### Data supplied

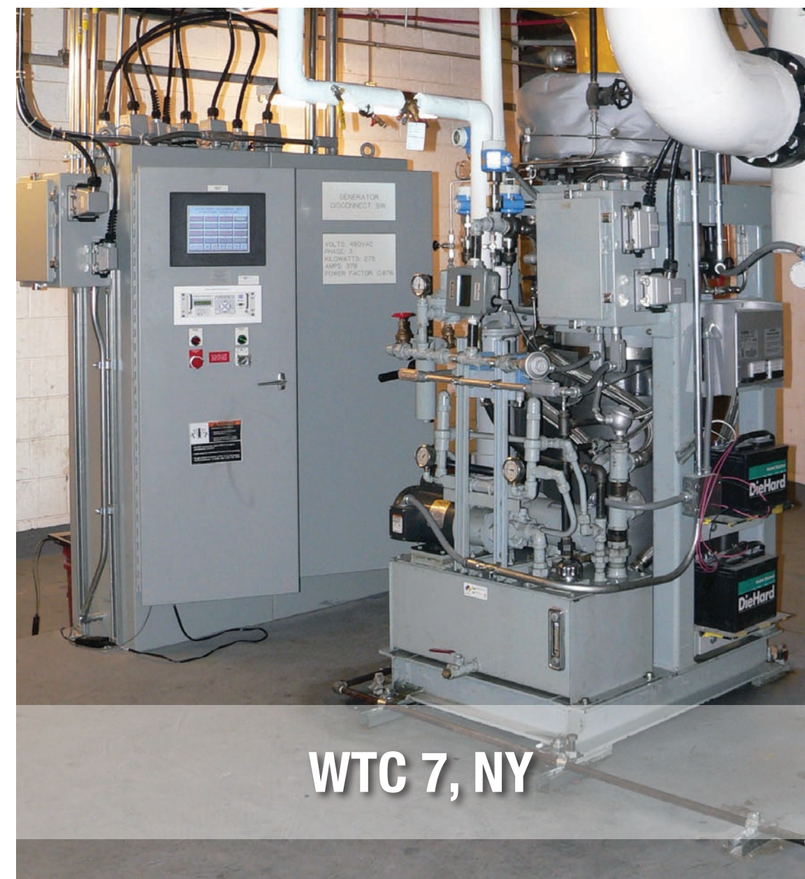
WTC 7, NY
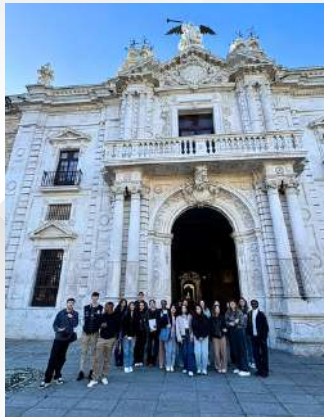
At the University of Seville
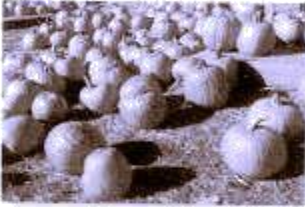
2. plenti _____
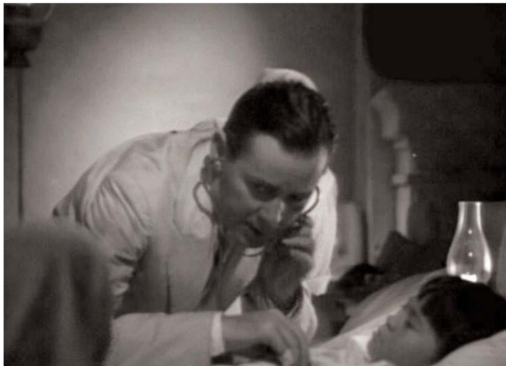
Clinical picture: Haemodynamic alterations

The action is set in China during the first quarter of the twentieth century. American poster USA poster
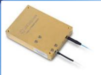
300-pin MSA (76 x 56 x 14)
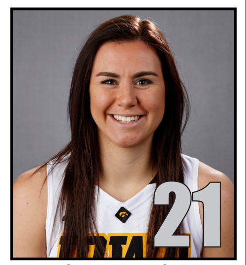
Forward • 6-2 • Sophomore Minot, N.D. Bishop Ryan Catholic

2016-17... Has appeared in all five contests this season... tied her career high with 10 points against UMass... recorded eight points, four rebounds, and two blocks in her home state of North Dakota on Nov. 16... scored a careerhigh 10 points in lowa's win over Hampton on Nov. 13.
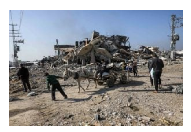
Image: The UN says nearly 1.9 million people have now been displaced in Gaza.

Undoubtedly, the era of intermittent cycles of fighting and cease-fires in Gaza is Over. There will be no going back to the previous state of affairs. For both the Palestinian Resistance and
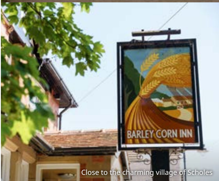
Close to the charming village of Scholes

Newsam Park offers picturesque walks and beautiful green space
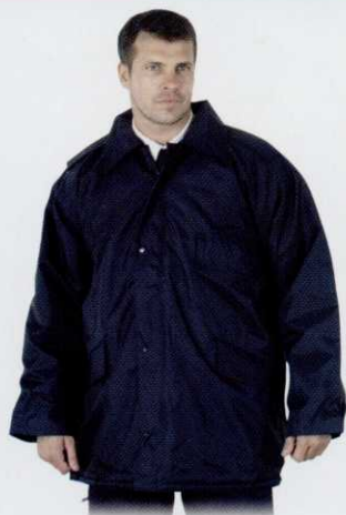
CODE PWSJ WATERPROOF SECURITY JACKET Black or Navy. Sizes S ~ XXL £14.75 Trousers to suit above CODE PWST £4.15
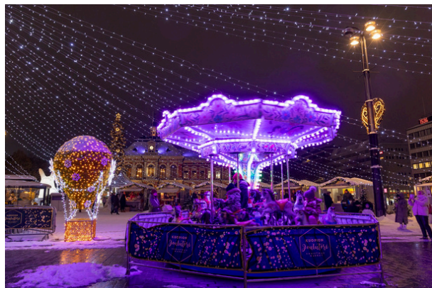
Joulutori
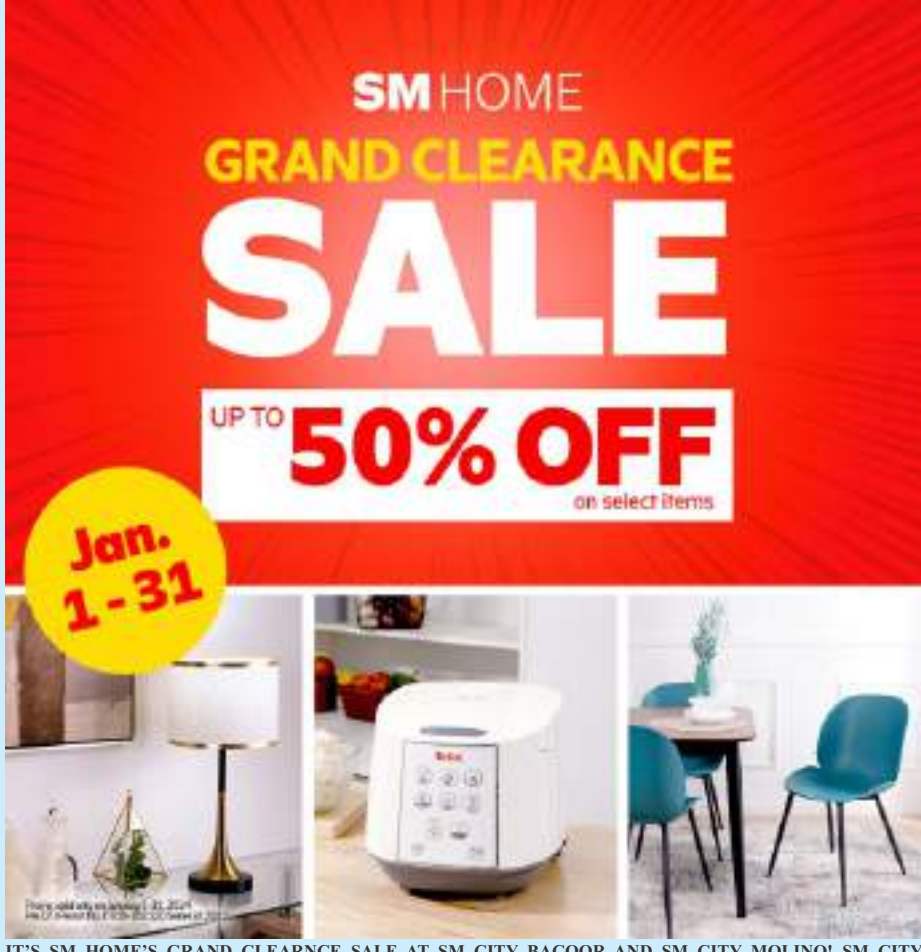
IT'S SM HOME'S GRAND CLEARNCE SALE AT SM CITY BACOOR AND SM CITY MOLINO! SM CITY BACOOR, SM CITY MOLINO, CAVITE - This is your sign to refresh your home for a great start this 2024! Grab your home essentials at the SM HOME GRAND CLEARANCE SALE from January 1 to 31, 2024. Get up to 50% OFF on select linens, furniture, kitchenware, tableware, storage, and décor! Head now at SM Home at SM City Bacoor and SM City Molino to find great deals and exquisite home essentials. We've Got It All For Your Home at #SMHome!
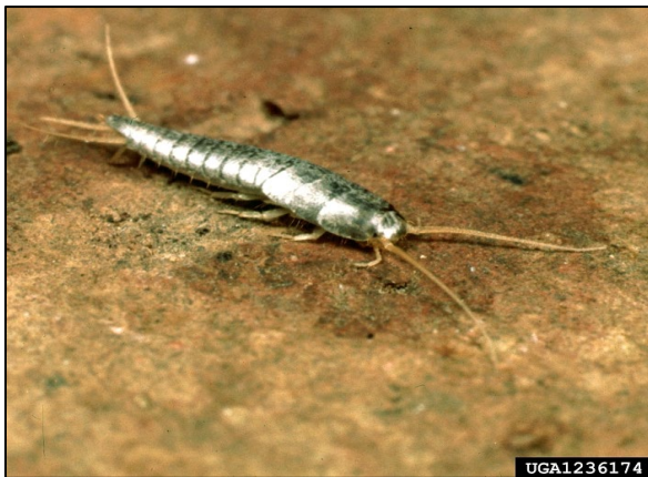
Figure 1. Silverfish.

Silverfish, including firebrats, are soft, flattened insects measuring approximately 0.5-1 inch long (13-25 mm). Many species of silverfish are covered with silvery gray scales (Fig. 1), although others are a darker gray, tan, or have mottled brown markings (Fig. 2). The bodies of silverfish and firebrats are broader at the head and taper towards the tip of the abdomen. They have long antennae and three long filaments extending outward from the tip of the abdomen (Fig. 1-3). Neither silverfish or firebrats have wings. Firebrats have bristly, somewhat stocky bodies with tan and dark brown markings (Fig. 3).

### What this task involves
Count every line in the entries above where the word "Silverfish" appears; respond with the number alone.

### Your response
2